**ABOUT THIS EXERCISE**
Below this line are records; transcribe exactly the lines between the one holding "这是一张游戏盛宴策划解密春节" and the one holding "Meet the MTF", inclusive, and omit the pictures.

[Saved entries]
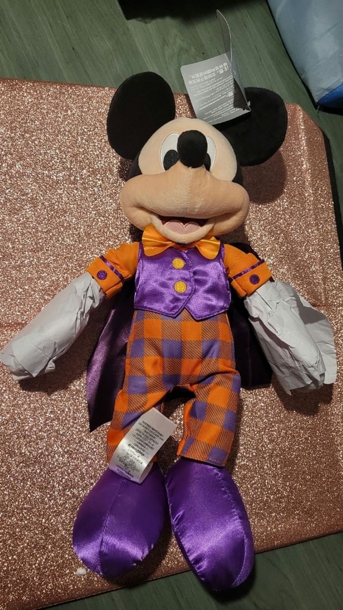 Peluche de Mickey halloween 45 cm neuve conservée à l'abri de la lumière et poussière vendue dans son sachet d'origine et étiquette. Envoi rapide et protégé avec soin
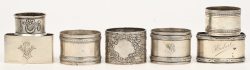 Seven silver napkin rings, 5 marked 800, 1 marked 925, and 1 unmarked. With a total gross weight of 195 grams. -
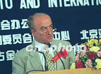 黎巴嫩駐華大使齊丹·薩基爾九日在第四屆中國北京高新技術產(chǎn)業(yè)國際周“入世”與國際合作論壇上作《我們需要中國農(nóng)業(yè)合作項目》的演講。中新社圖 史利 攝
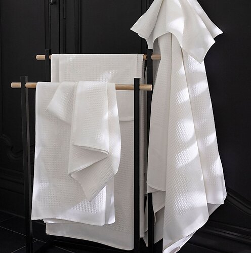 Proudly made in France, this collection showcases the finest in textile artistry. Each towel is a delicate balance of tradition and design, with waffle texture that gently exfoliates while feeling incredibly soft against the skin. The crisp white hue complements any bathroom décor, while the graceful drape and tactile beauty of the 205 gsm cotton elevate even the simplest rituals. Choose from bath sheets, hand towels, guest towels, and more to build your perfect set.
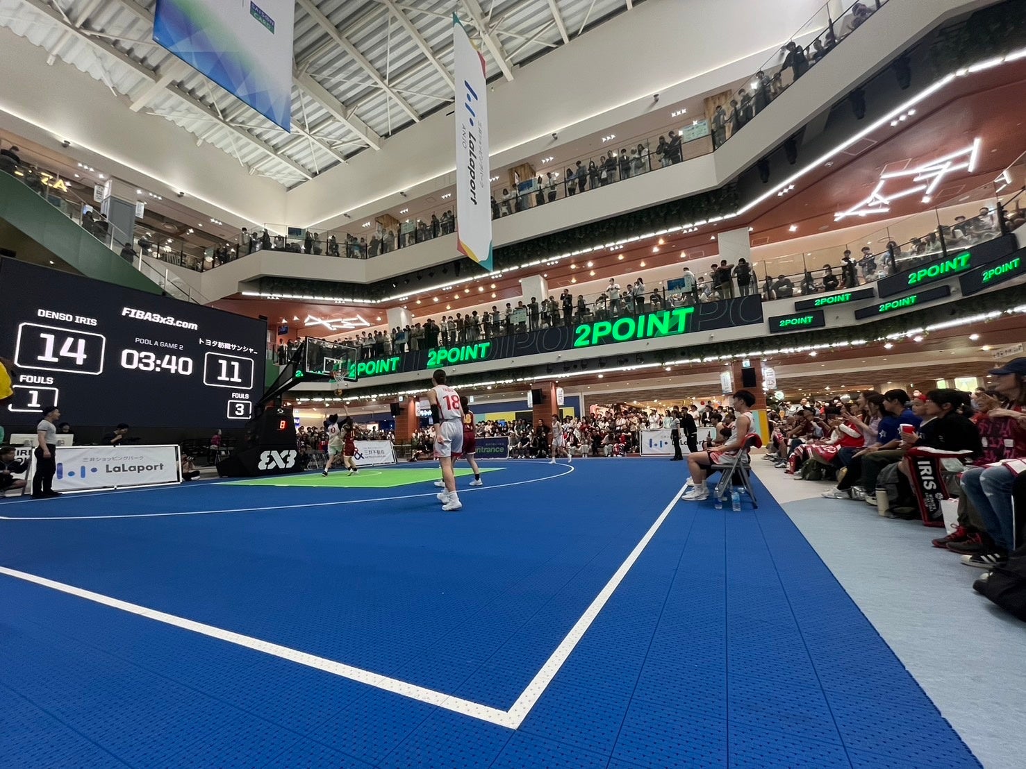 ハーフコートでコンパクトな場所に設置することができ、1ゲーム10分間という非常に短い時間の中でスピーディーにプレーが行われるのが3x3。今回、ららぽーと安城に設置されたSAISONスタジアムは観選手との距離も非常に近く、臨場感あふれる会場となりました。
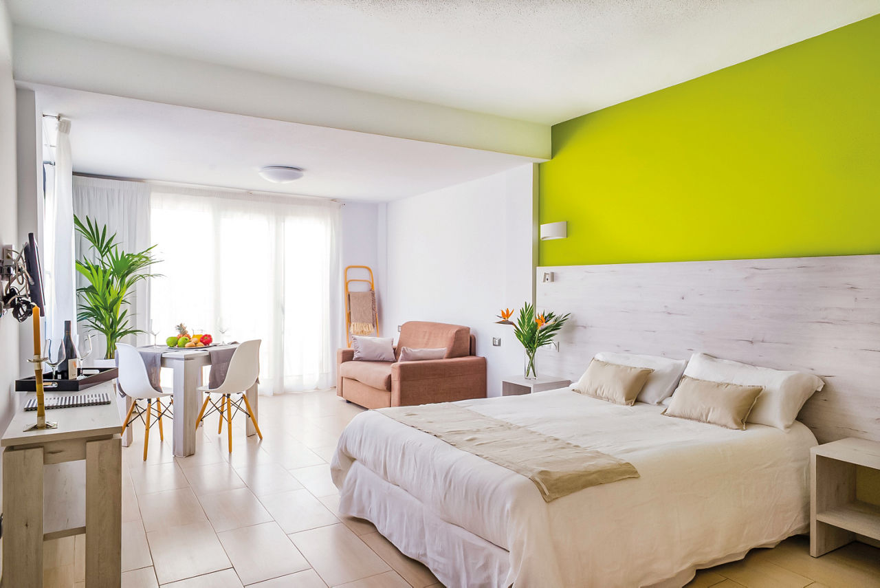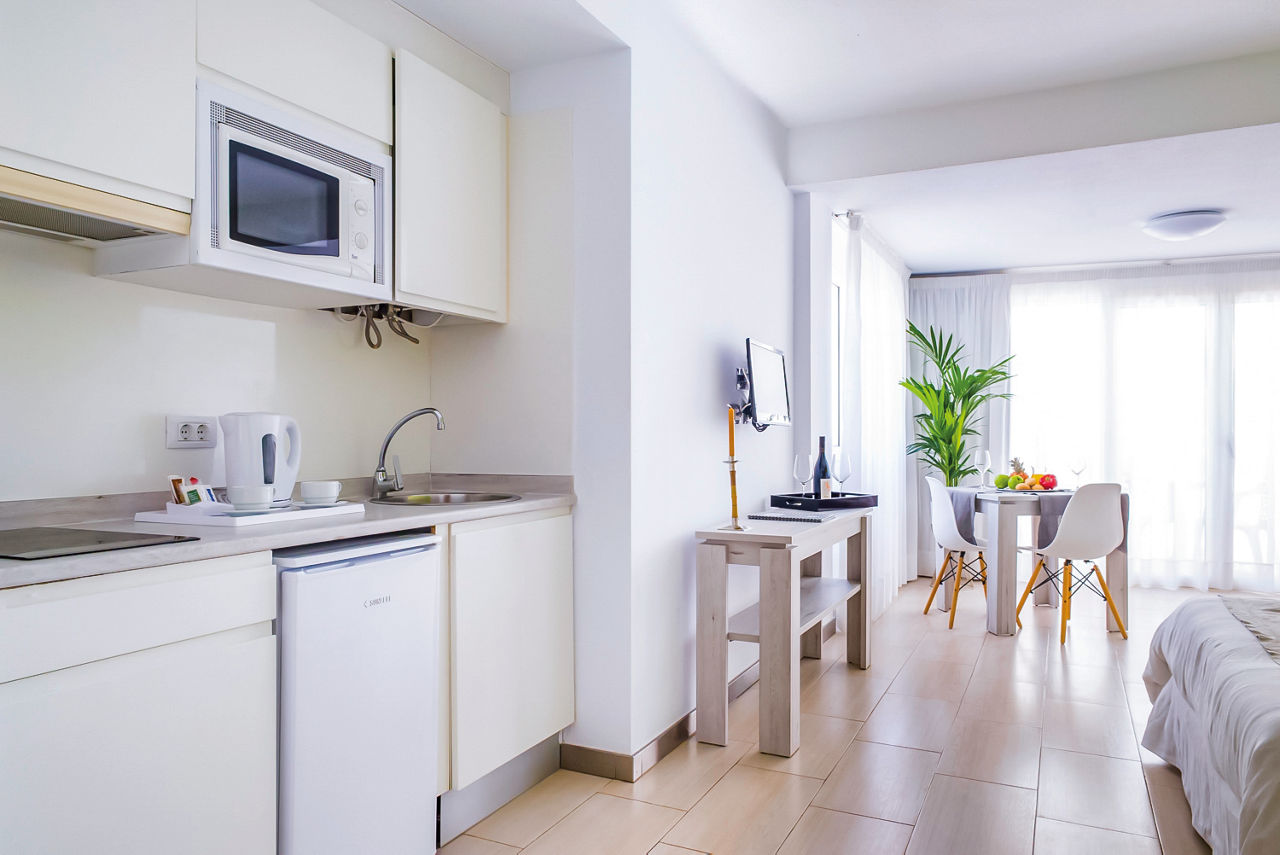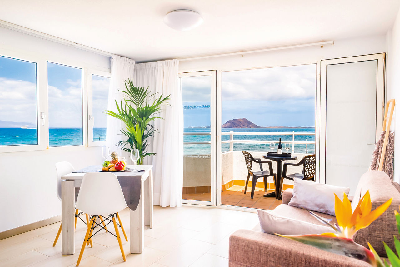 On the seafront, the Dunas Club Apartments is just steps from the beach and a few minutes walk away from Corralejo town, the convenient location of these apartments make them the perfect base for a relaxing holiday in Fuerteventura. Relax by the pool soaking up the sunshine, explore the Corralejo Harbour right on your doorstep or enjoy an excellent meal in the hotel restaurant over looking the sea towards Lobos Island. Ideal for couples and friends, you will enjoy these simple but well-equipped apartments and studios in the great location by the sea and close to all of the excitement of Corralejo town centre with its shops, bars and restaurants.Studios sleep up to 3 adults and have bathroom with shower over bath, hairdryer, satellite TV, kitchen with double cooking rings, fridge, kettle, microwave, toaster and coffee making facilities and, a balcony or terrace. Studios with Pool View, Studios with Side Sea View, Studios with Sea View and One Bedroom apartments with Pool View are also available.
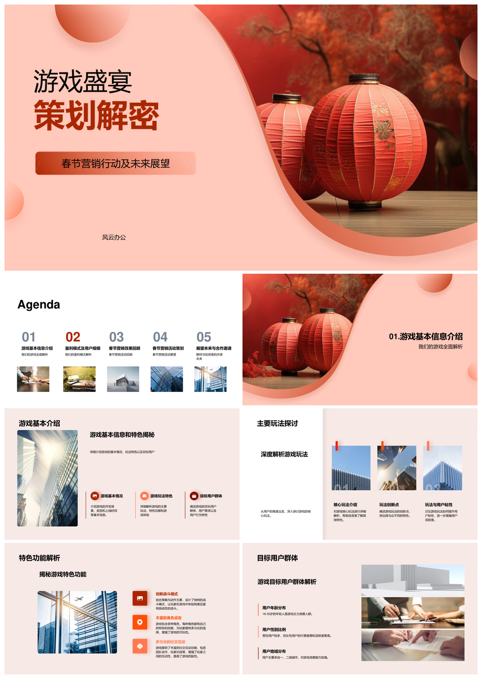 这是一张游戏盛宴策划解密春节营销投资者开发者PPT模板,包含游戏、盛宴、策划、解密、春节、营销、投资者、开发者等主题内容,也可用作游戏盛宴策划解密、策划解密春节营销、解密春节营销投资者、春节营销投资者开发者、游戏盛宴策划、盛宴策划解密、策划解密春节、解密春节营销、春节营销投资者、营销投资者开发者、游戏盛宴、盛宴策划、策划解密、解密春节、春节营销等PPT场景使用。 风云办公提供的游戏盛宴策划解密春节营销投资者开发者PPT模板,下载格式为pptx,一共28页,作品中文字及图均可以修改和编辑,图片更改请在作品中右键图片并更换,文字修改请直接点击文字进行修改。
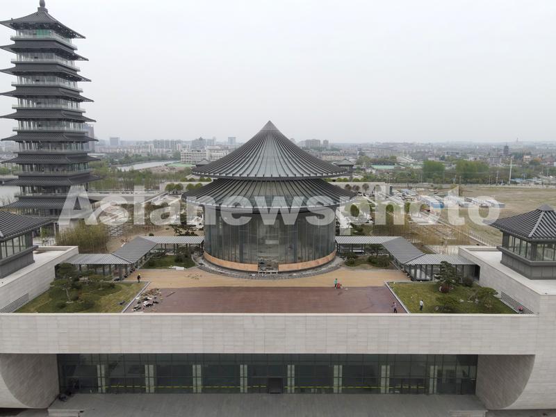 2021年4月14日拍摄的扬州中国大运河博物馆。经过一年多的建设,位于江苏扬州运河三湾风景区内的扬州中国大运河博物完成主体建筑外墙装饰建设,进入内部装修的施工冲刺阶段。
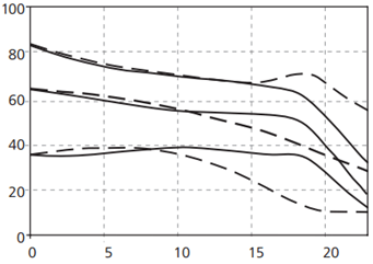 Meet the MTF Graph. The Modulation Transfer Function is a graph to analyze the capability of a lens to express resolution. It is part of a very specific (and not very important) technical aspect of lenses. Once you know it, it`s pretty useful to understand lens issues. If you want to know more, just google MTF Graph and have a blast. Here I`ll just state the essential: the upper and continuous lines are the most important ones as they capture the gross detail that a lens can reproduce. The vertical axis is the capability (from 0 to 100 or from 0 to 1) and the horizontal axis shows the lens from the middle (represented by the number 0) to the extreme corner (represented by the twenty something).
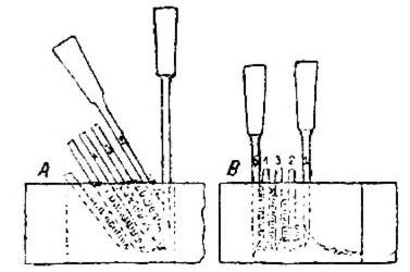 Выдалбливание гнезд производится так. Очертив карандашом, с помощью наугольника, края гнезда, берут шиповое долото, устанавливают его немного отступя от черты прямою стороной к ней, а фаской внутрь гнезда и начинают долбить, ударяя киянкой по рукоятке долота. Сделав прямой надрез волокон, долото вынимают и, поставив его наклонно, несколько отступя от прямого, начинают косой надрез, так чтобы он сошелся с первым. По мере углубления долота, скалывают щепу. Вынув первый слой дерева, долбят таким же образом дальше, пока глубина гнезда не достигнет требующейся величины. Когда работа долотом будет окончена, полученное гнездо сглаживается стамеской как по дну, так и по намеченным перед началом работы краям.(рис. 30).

**ANSWER SPACE**
 这是一张游戏盛宴策划解密春节营销投资者开发者PPT模板,包含游戏、盛宴、策划、解密、春节、营销、投资者、开发者等主题内容,也可用作游戏盛宴策划解密、策划解密春节营销、解密春节营销投资者、春节营销投资者开发者、游戏盛宴策划、盛宴策划解密、策划解密春节、解密春节营销、春节营销投资者、营销投资者开发者、游戏盛宴、盛宴策划、策划解密、解密春节、春节营销等PPT场景使用。 风云办公提供的游戏盛宴策划解密春节营销投资者开发者PPT模板,下载格式为pptx,一共28页,作品中文字及图均可以修改和编辑,图片更改请在作品中右键图片并更换,文字修改请直接点击文字进行修改。
 2021年4月14日拍摄的扬州中国大运河博物馆。经过一年多的建设,位于江苏扬州运河三湾风景区内的扬州中国大运河博物完成主体建筑外墙装饰建设,进入内部装修的施工冲刺阶段。
 Meet the MTF Graph. The Modulation Transfer Function is a graph to analyze the capability of a lens to express resolution. It is part of a very specific (and not very important) technical aspect of lenses. Once you know it, it`s pretty useful to understand lens issues. If you want to know more, just google MTF Graph and have a blast. Here I`ll just state the essential: the upper and continuous lines are the most important ones as they capture the gross detail that a lens can reproduce. The vertical axis is the capability (from 0 to 100 or from 0 to 1) and the horizontal axis shows the lens from the middle (represented by the number 0) to the extreme corner (represented by the twenty something).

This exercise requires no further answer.